Autograph note from Mozart sold for €60,000 (£51,725) at Stargardt.

Short message to a ‘true friend’ after opera debut appearance sells at Berlin auction house.

Extracted from Antiques Trade Gazette | Jonathan Franks

On May 2, 1786, the day after the first performance of his opera The Marriage of Figaro in Vienna, Wolfgang Amadeus Mozart sent a friend a set of punch glasses, with a short note: “Dear friend, whenever you drink punch out of small stemmed glasses, remember your true friend.”

The glasses have not survived, but the note has, and it surfaced in specialist auction house Stargardt’s (20% buyer’s premium) spring sale of autograph manuscripts in Berlin on March 12-13. It realised a substantial €60,000 (£51,725), double the estimate.

As in previous auctions, music manuscripts registered the greatest demand.
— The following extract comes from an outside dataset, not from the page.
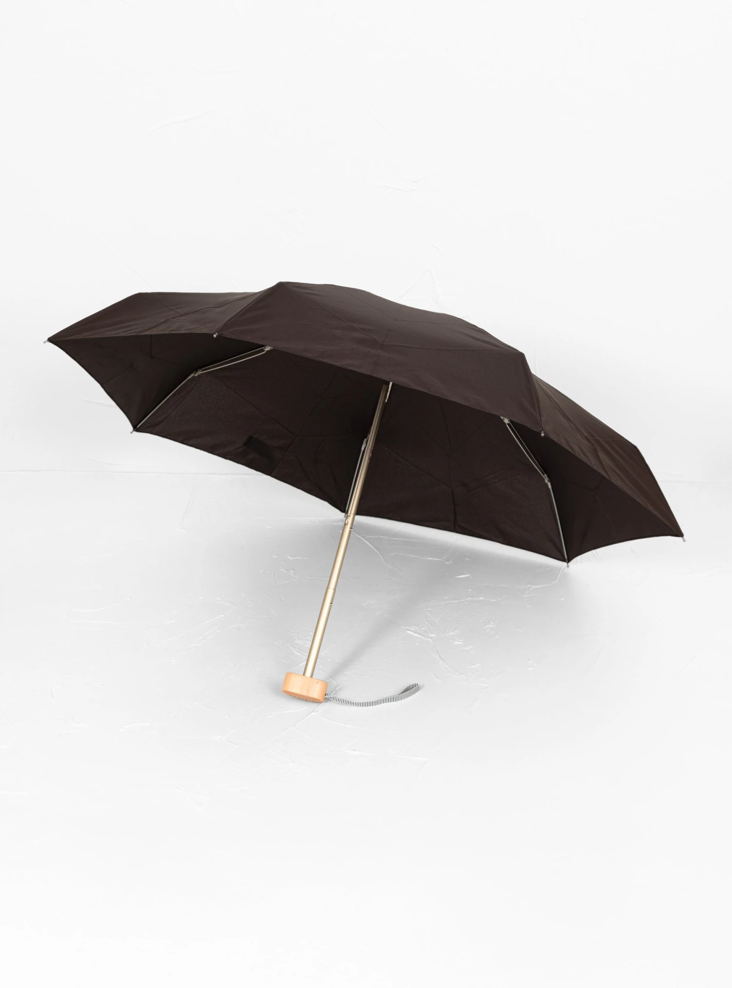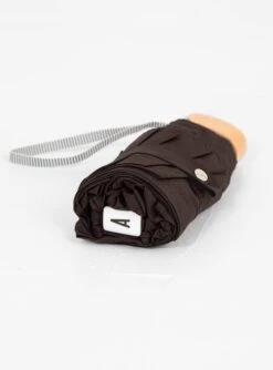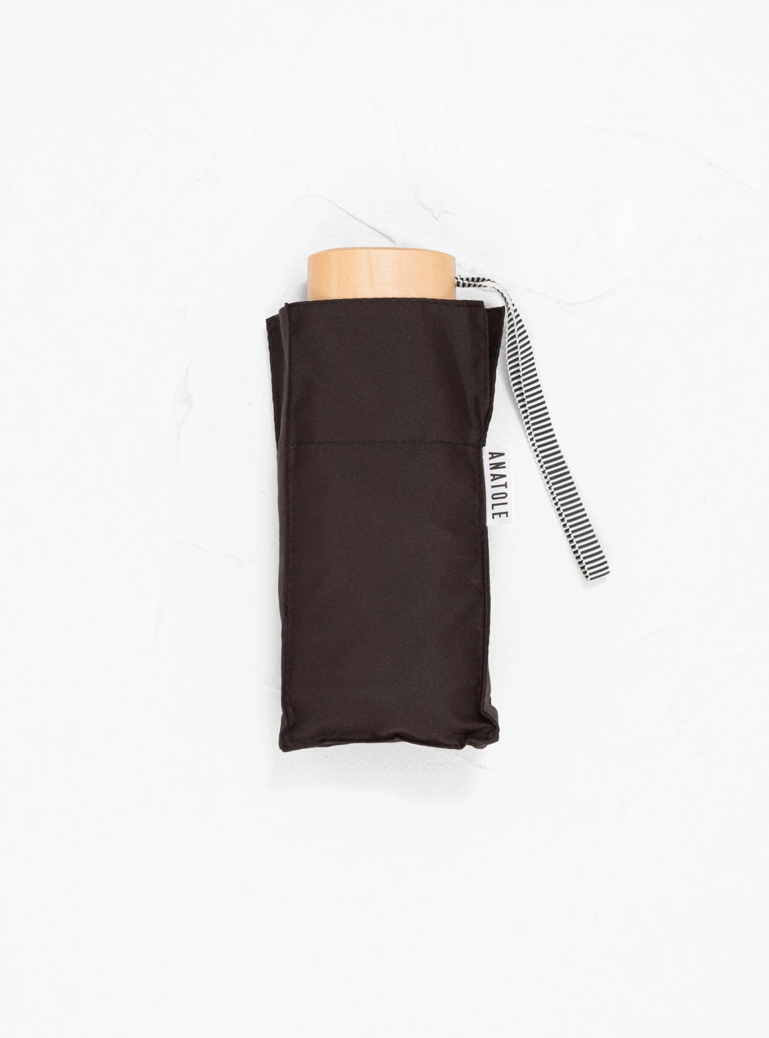 This dark chocolate-brown Edwige umbrella from Anatole is small in size yet mighty in construction. Made with fibreglass ribs, which are reinforced with carbon, it features a maple wood handle and a grosgrain strap.

Major interest emerged for Felix Mendelssohn Bartholdy’s eight-page manuscript for five songs with piano accompaniment from 1837, which found a new owner, an American collector, for €75,000 (£64,655) – almost double the guide.

The highest price of the sale, however, was achieved for an extensive collection, 96 pages in all, with the complete composition of Carl Maria von Weber’s cantata Soli Deo Gloria, dated August 1818.

Stargardt was expecting €65,000 but the hammer fell at €85,000 (£73,275).

The new owner is the University Library in Dresden.